Exercise objective: Copy the listing below exactly. Pictures stay out of it.

Supplied material:
╔══
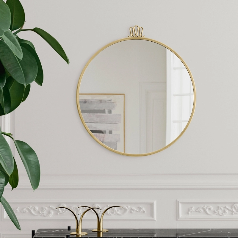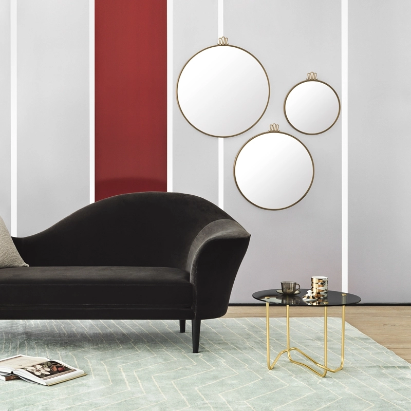 Dessiné en 1925 par Gio Ponti, Randaccio est un miroir élégant, conçu pour sa maison Via Randaccio à Milan. Réédité par Gubi, ce miroir, disponible en trois tailles, est équipé d'un cadre en laiton qui lui confère une élégance intemporelle. Il est sumonté d'une petite couronne, détail atypique, caractéristique du travail de Gio Ponti. Le miroir Randaccio s'intègre parfaitement dans la salle de bain, au-dessus du lavabo, dans l'entrée, ou bien dans une chambre.
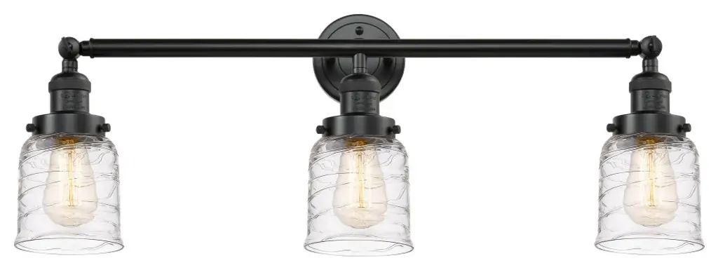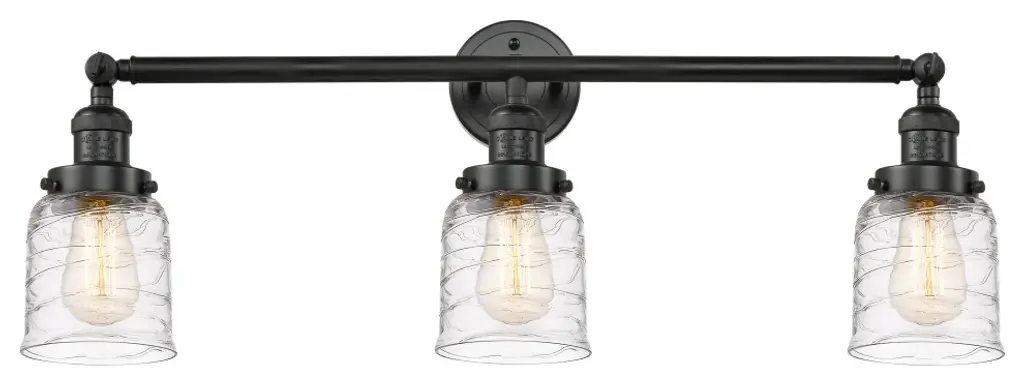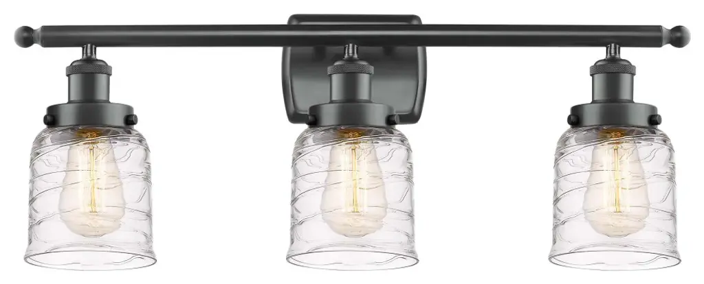 INNOVATIONS 616-4W-OB-G513 Bell 4 Light 33.5 inch Bath Vanity Light Oil Rubbed Bronze. Style: Art Nouveau, Industrial, Restoration-Vintage, Transitional . Collection Name: Edison. Metal Finish(Body): Oil Rubbed Bronze. Metal Finish(Canopy/Backplate): Oil Rubbed Bronze. Material: Steel, Cast Brass, Glass. Dimension(in): 11(H) x 32(W) x 7(Ext). Bulb: (4)60W Medium Base Incandescent(Not Included). Voltage: 120. Dimmable: Yes. Color Temperature (Kelvin): 2200. Color Rendering Index (CRI): 99.9. Lumens: 220. Life Expectancy (Hours): 2000. Glass Shade Description: Clear Deco Swirl Bell Glass. Glass Type: Colorful; Ribbed. Shade Shape: Bowl. Glass or Metal Shade Color: Clear Deco Swirl. Shade Material: Glass. Shade Dimension(in): 5(W) x 5.75(H). Fitter Measurement (Glass Or Metal Shade Fitter Size): 3.25 inch Fitter. Backplate Dimension(in): 4.5(W) x 0.75(Depth). ADA Compliant: No. California Proposition 65 Warning Required: Yes. UL/ETL Certification Type: Damp Location.
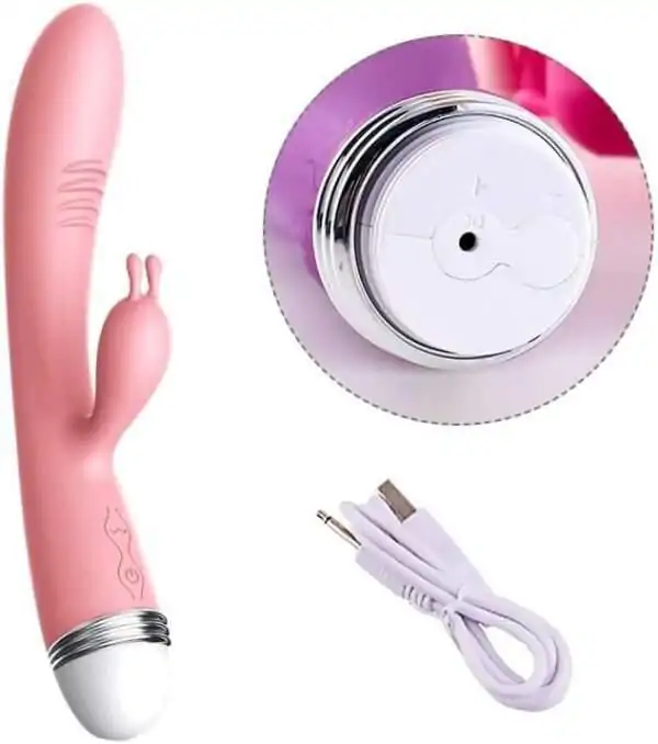 The vibrator is rechargeable and includes a compatible charging cable.
╚══
Reply to the exercise:
 Dessiné en 1925 par Gio Ponti, Randaccio est un miroir élégant, conçu pour sa maison Via Randaccio à Milan. Réédité par Gubi, ce miroir, disponible en trois tailles, est équipé d'un cadre en laiton qui lui confère une élégance intemporelle. Il est sumonté d'une petite couronne, détail atypique, caractéristique du travail de Gio Ponti. Le miroir Randaccio s'intègre parfaitement dans la salle de bain, au-dessus du lavabo, dans l'entrée, ou bien dans une chambre.
 INNOVATIONS 616-4W-OB-G513 Bell 4 Light 33.5 inch Bath Vanity Light Oil Rubbed Bronze. Style: Art Nouveau, Industrial, Restoration-Vintage, Transitional . Collection Name: Edison. Metal Finish(Body): Oil Rubbed Bronze. Metal Finish(Canopy/Backplate): Oil Rubbed Bronze. Material: Steel, Cast Brass, Glass. Dimension(in): 11(H) x 32(W) x 7(Ext). Bulb: (4)60W Medium Base Incandescent(Not Included). Voltage: 120. Dimmable: Yes. Color Temperature (Kelvin): 2200. Color Rendering Index (CRI): 99.9. Lumens: 220. Life Expectancy (Hours): 2000. Glass Shade Description: Clear Deco Swirl Bell Glass. Glass Type: Colorful; Ribbed. Shade Shape: Bowl. Glass or Metal Shade Color: Clear Deco Swirl. Shade Material: Glass. Shade Dimension(in): 5(W) x 5.75(H). Fitter Measurement (Glass Or Metal Shade Fitter Size): 3.25 inch Fitter. Backplate Dimension(in): 4.5(W) x 0.75(Depth). ADA Compliant: No. California Proposition 65 Warning Required: Yes. UL/ETL Certification Type: Damp Location.
 The vibrator is rechargeable and includes a compatible charging cable.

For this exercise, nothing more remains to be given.